▸ Work to be completed
The answer must be an exact copy of the lines from the one with "BONÉ EM TECIDO" through the final line of the records below, with no pictures.
--- START ---
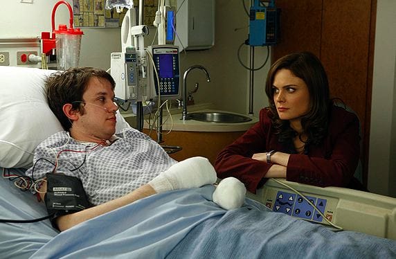 On the other, the resolution to last week's shooting cliffhanger was so lame that it left a bad taste in my mouth for the rest of the episode. We all knew Booth wasn't going to be dead -- you don't kill the buddy on a buddy show -- but to resolve it in such a silly way, with no real emotional follow-up was just awful. Sure, Bones was annoyed for a few scenes about Booth not telling her the truth, but nobody else was either upset or relieved to see the guy, and other than Angela being too sad to go to the funeral alone, nobody even seemed that bothered when it seemed he was dead. If they were going to shrug the thing off so quickly, why even bother to do it? This was the worst kind of sweeps stunting.
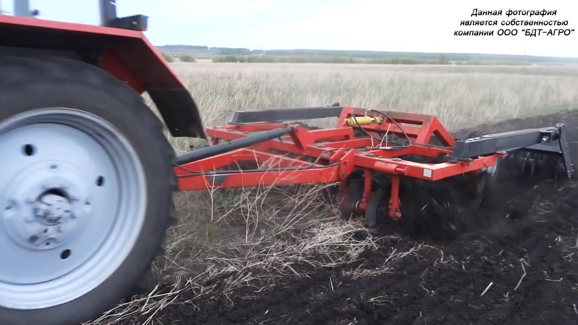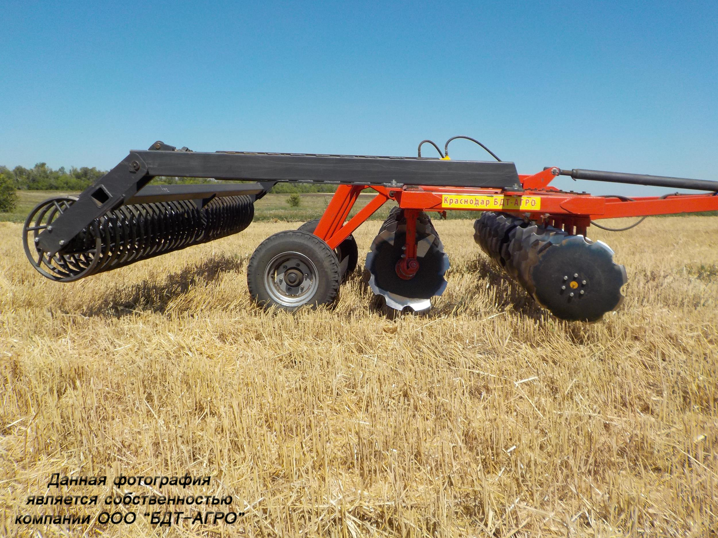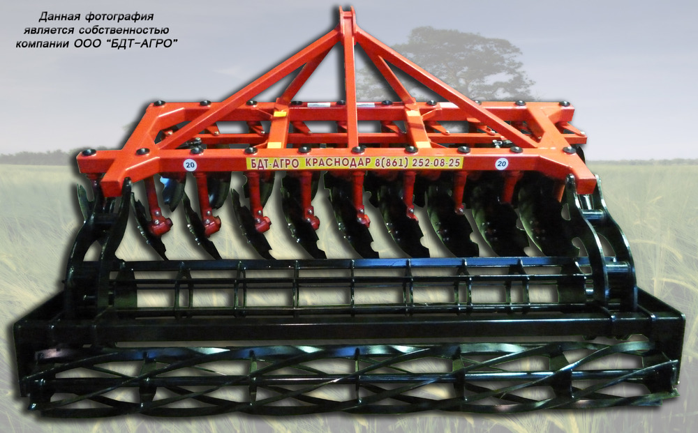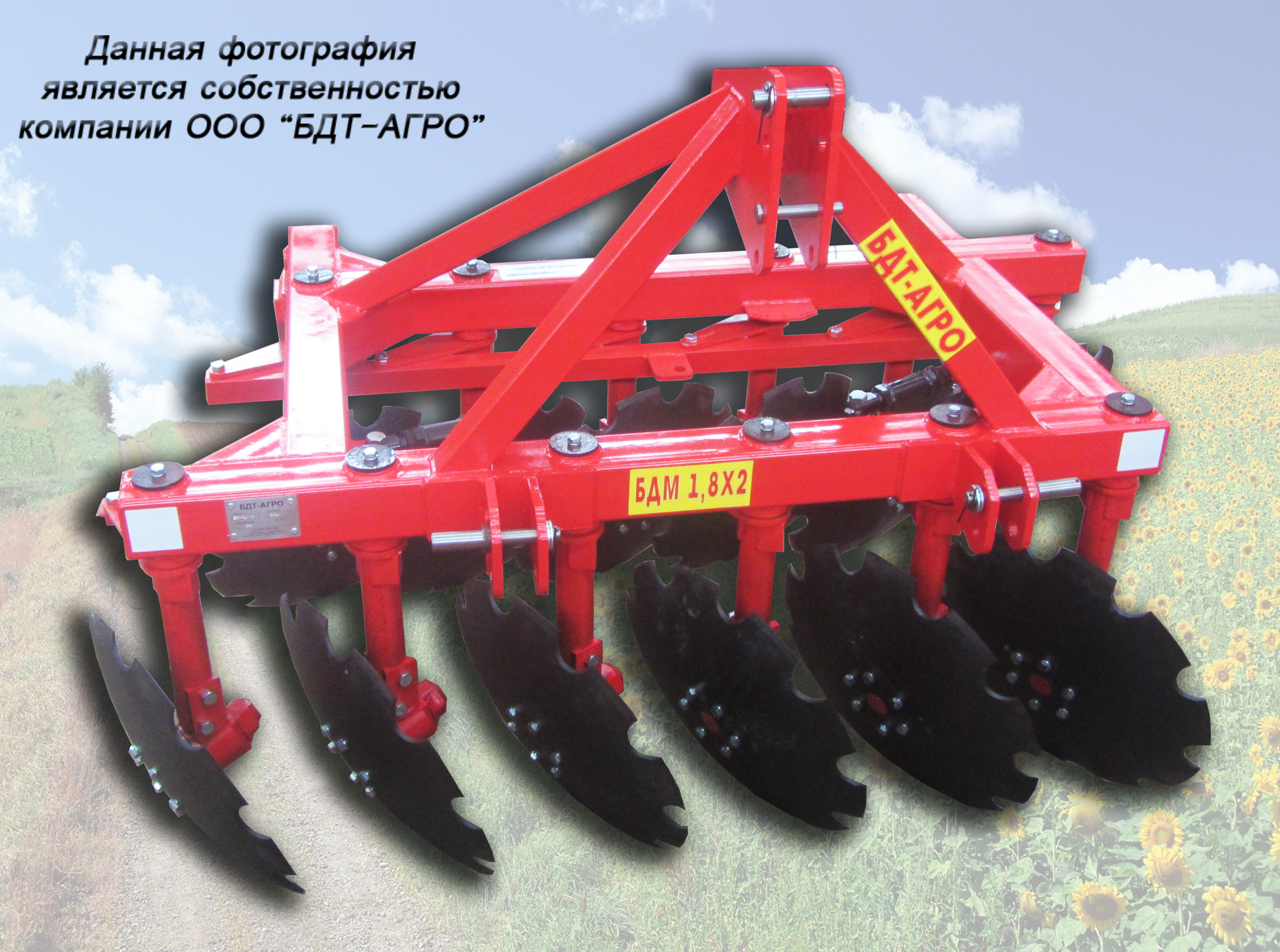Двухрядная борона дисковая модернизированная БДМ с подшипниковым узлом внутри сферы диска, с дисками на индивидуальной стойке, с изменением угла атаки дисков синхронно в каждом ряду, предназначена для поверхностной обработки почвы на глубину до 15см, уничтожения сорняков и измельчения пожнивных остатков. За счет равномерного перемешивания земли с растительными остатками эффективно применение бороны дисковой на почвах подверженных ветровой и водной эрозии. Растительные остатки, равномерно перемешанные с верхним слоем почвы, защищают почву от выдувания и вымывания, улучшают воздушный обмен. При этом растительные остатки, находясь в земле, активно превращаются в перегной, повышая плодородие почвы.
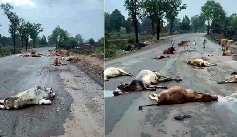 तेज रफ्तार वाहन की टक्कर से 17 गौवंशों की मौत, 4 घायल
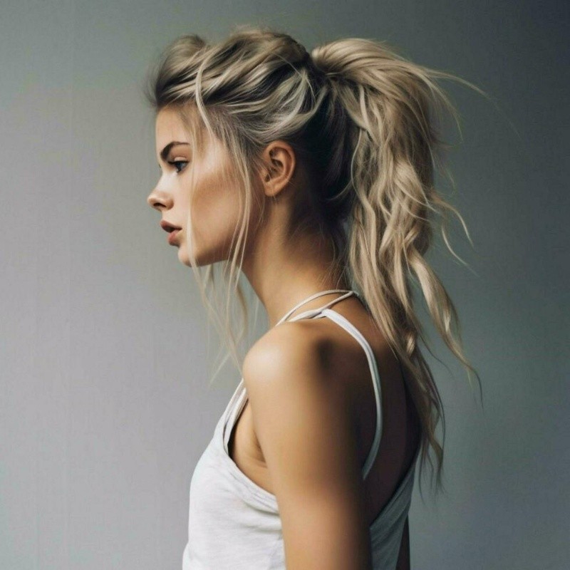 A diferencia del rodete bajo, la cola messy es una cola de caballo alta que se realiza casi en la coronilla o, para quienes así lo desean, entre la coronilla y la nuca. Además, no es necesario contar con una raya al medio, sino que el pelo levemente peinado hacia atrás será suficiente.
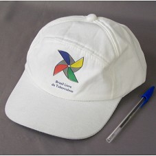 BONÉ EM TECIDO BRANCO. NA FRENTE, ESTAMPA COM DESENHO DE UM CATA-VENTO COLORIDO E A INSCRIÇÃO 'BRASIL LIVRE DA TUBERCULOSE'.
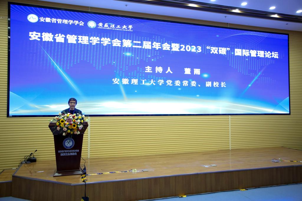 11月17日至18日,安徽省管理学学会第二届年会暨2023“双碳”国际管理论坛在我校深部煤矿采动响应与灾害防控国家重点实验室2号报告厅成功举办。本次会议以“双碳战略之安徽管理实践”为主题,由安徽省管理学学会主办、安徽理工大学经济与管理学院承办。安徽省社科联党组成员、副主席江涛,淮南师范学院党委副书记、院长程刚,校党委副书记、常务副校长余玉刚,安徽省管理学会副理事长、校党委常委、副校长董雨,安徽省管理学会理事长梁昌勇等相关部门领导、专家学者出席了开幕式。大会开幕式由董雨主持。
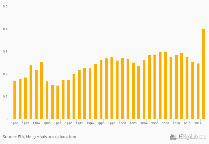 Jet fuel consumption as a share of worldwide consumption rose 63.4% to 0.401% in Austria in 2015, according to EIA.
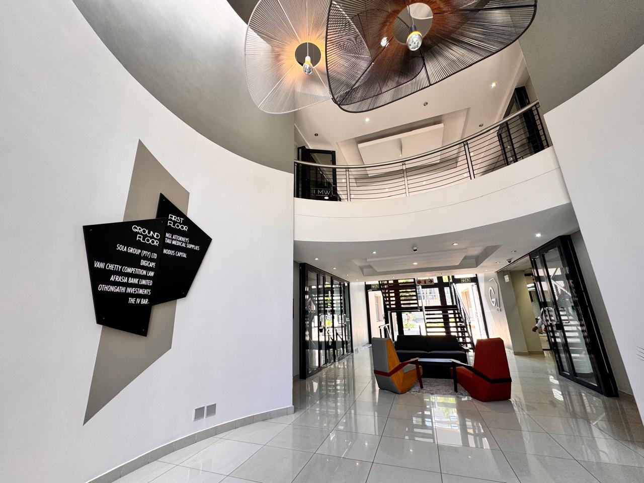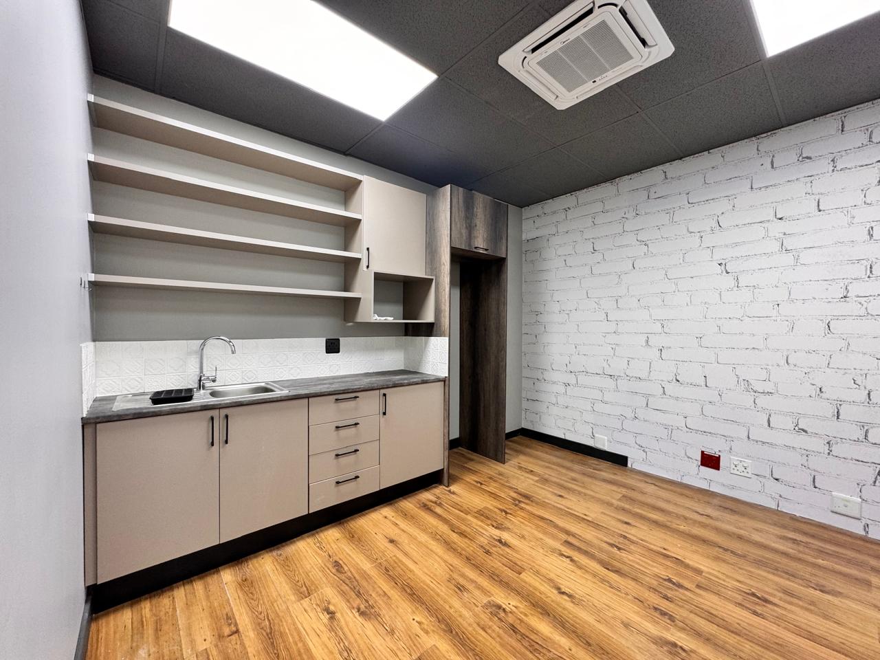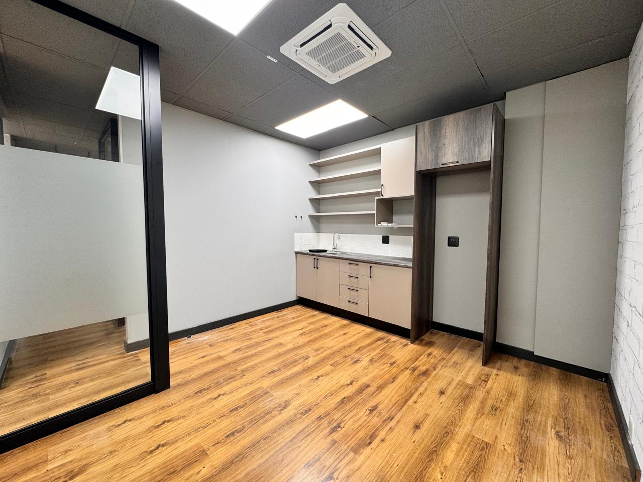 This beautifully designed 90 sqm office at 39 Rivonia Road provides a seamless blend of functionality and style. Step into a welcoming reception and waiting area, setting the perfect tone for clients and visitors. The open-plan space is ideal for collaborative work, while the private enclosed office offers the perfect retreat for focused tasks or meetings. The kitchenette, complete with a seating area, adds a convenient space for quick breaks or informal catch-ups.
--- END ---
▸ Output for this task
 BONÉ EM TECIDO BRANCO. NA FRENTE, ESTAMPA COM DESENHO DE UM CATA-VENTO COLORIDO E A INSCRIÇÃO 'BRASIL LIVRE DA TUBERCULOSE'.
 11月17日至18日,安徽省管理学学会第二届年会暨2023“双碳”国际管理论坛在我校深部煤矿采动响应与灾害防控国家重点实验室2号报告厅成功举办。本次会议以“双碳战略之安徽管理实践”为主题,由安徽省管理学学会主办、安徽理工大学经济与管理学院承办。安徽省社科联党组成员、副主席江涛,淮南师范学院党委副书记、院长程刚,校党委副书记、常务副校长余玉刚,安徽省管理学会副理事长、校党委常委、副校长董雨,安徽省管理学会理事长梁昌勇等相关部门领导、专家学者出席了开幕式。大会开幕式由董雨主持。
 Jet fuel consumption as a share of worldwide consumption rose 63.4% to 0.401% in Austria in 2015, according to EIA.
 This beautifully designed 90 sqm office at 39 Rivonia Road provides a seamless blend of functionality and style. Step into a welcoming reception and waiting area, setting the perfect tone for clients and visitors. The open-plan space is ideal for collaborative work, while the private enclosed office offers the perfect retreat for focused tasks or meetings. The kitchenette, complete with a seating area, adds a convenient space for quick breaks or informal catch-ups.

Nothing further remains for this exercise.